TVP w głównym wydaniu "Wiadomości" wróciły do wydarzeń z soboty, gdy przeciwnicy rządu zablokowali wyjazd Magdalenie Ogórek. Przy okazji grupka ją obrażała, obkleiła plakietkami i opluła jej samochód, a to wszystko działo się przy biernej postawie policjantów. Okazało się, że demonstrujący przeciwko TVP od lat wychodzą protestować na ulicę przy różnych okazjach, związanych z PiS. Część z nich działa politycznie, np. w Ruchu Palikota lub w KOD. "Wiadomości" pokazały planszę z imionami i nazwiskami osób, które blokowały wyjazd Magdaleny Ogórek.
Nieoficjalnie: Krzysztof Ziemiec odchodzi z "Wiadomości" TVP
Kontrowersyjny materiał "Wiadomości"
W przypadku Elżbiety Podleśnej - inicjatorki akcji przeciwko TVP - dziennikarze weszli do Instytutu Psychiatrii i Neurologii.

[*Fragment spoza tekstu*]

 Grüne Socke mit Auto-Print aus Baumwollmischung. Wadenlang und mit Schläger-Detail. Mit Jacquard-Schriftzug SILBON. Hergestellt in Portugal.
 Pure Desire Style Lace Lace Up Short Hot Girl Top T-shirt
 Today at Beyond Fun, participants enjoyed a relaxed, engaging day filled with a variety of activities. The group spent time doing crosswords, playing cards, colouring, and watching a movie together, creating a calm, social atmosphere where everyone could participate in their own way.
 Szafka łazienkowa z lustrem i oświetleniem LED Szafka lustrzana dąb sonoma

Kobieta nie chciała rozmawiać z ekipą "Wiadomości". Po tym, jak dziennikarze z "Gazety Wyborczej", TOK FM i TVN24 potępili atak na Magdalenę Ogórek, usunęła swoje konto z Facebooka.

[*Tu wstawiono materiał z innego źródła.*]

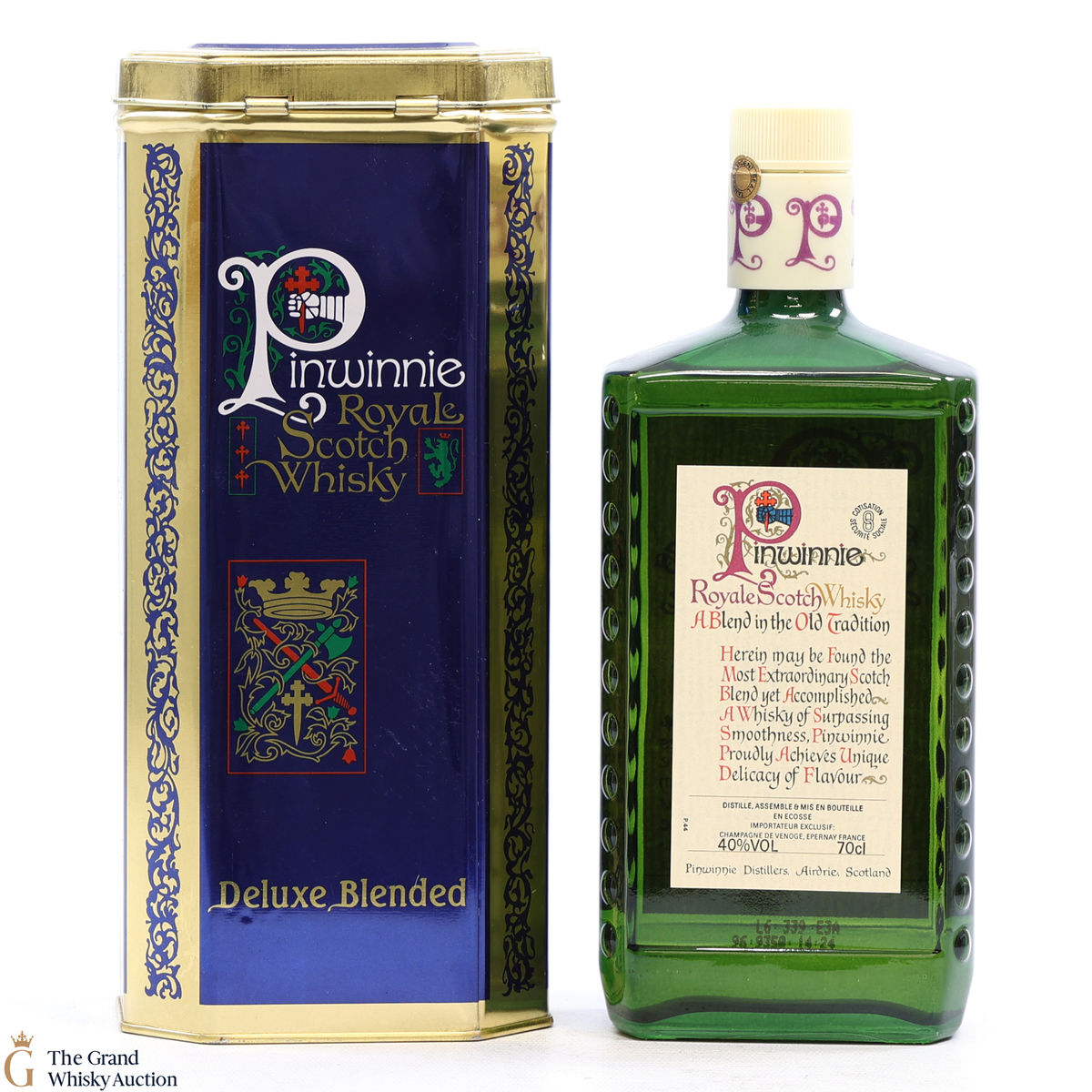 This is an eye-catching older style bottling of Pinwinnie Royale Deluxe Blended Whisky. It is very elegantly packaged with an iconic presentation tin. It is estimated that this botting is from the 1980s - unfortunately it is now discontinued.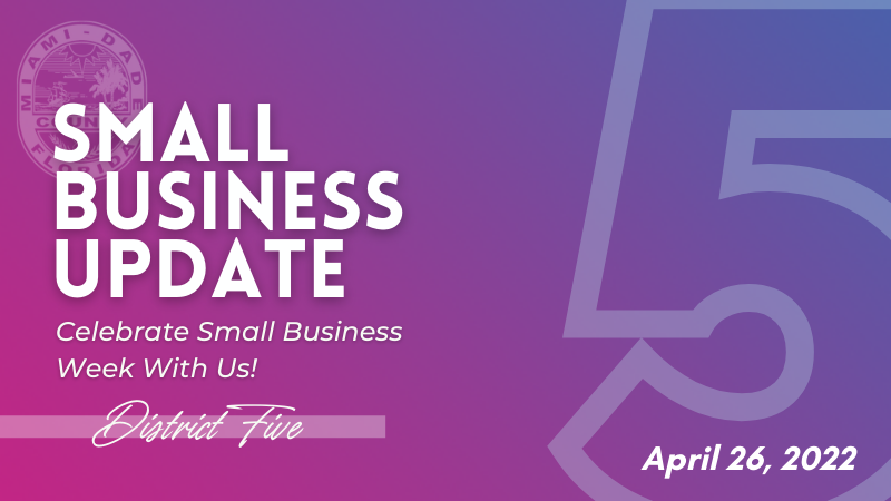 As April comes to a close, we are gearing up to celebrate National Small Business Week in District 5 from May 2 to May 6. You can't believe how excited I am to be partnering with local and national organizations, Miami-Dade County departments, and small business resource providers to offer a full calendar of events for our small businesses, as well as new (and well-known) programs and funding opportunities. Learn how you too can participate by reading below or clicking here to see our calendar of events.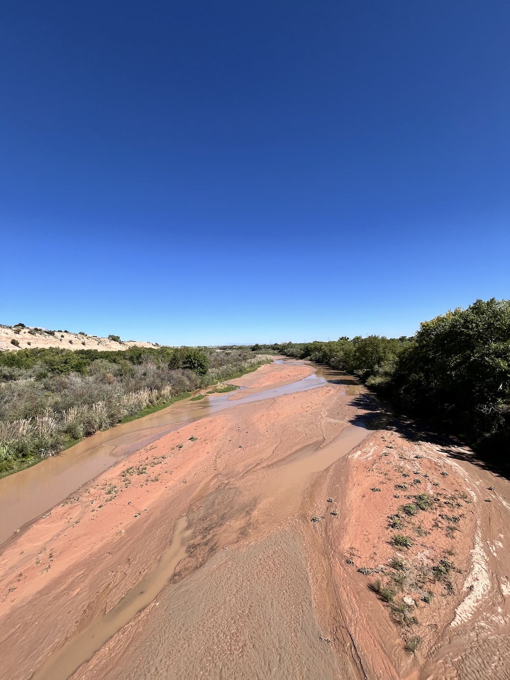 Then another whim: Check the state of the Rio Not-So-Grande. Up the Gail Ryba Memorial Bridge I rode. Yikes, etc. Back to the bosque trail.

- Czeka na mnie kolejna ekipa TVP. Czwarta dzisiaj. Po raz czwarty odmówiłam. Jaką mam mieć pewność, że się tu nie wedrą? Żadnej. Wiecie, jaki będzie ciąg dalszy? Nie wiecie? To pomyślcie - pisała Podleśna. Jej zwolennicy mają pretensje o brak solidarności i wsparcia do środowiska dziennikarzy antyrządowych, którzy odważyli się skrytykować napaść na Ogórek.

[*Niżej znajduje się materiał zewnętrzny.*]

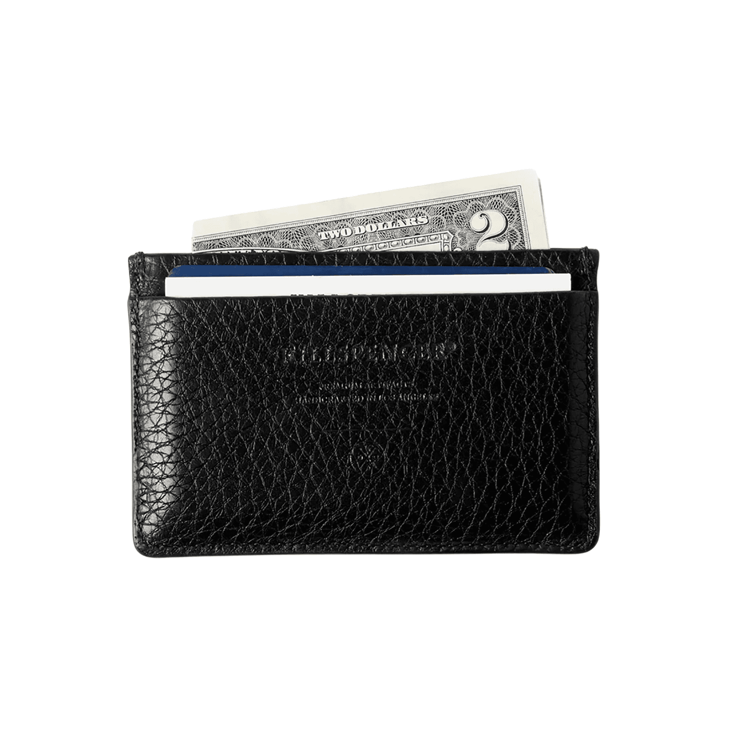Killspencer builds products in Los Angeles using full-grain leather and minimal hardware. The Card Holder 2.0 uses structured leather with a subtle pebbled texture that hides scratches better than smooth finishes. At 4 inches wide, it holds several cards in a slim frame that fits easily into front or back pockets without creating bulk.

Atak na Magdalenę Ogórek przed siedzibą TVP. Interweniowała policja
Zobacz fragment materiału "Wiadomości" z poniedziałku
Oburzenia materiałem "Wiadomości", demaskującym zwolenników opozycji, nie kryje opozycja i Rzecznik Praw Obywatelskich. - Jeżeli nie może tego robić nawet policja (chyba, że są wydane listy gończe), to tym bardziej takich metod nie może stosować telewizja, zwłaszcza publiczna - napisał Adam Bodnar.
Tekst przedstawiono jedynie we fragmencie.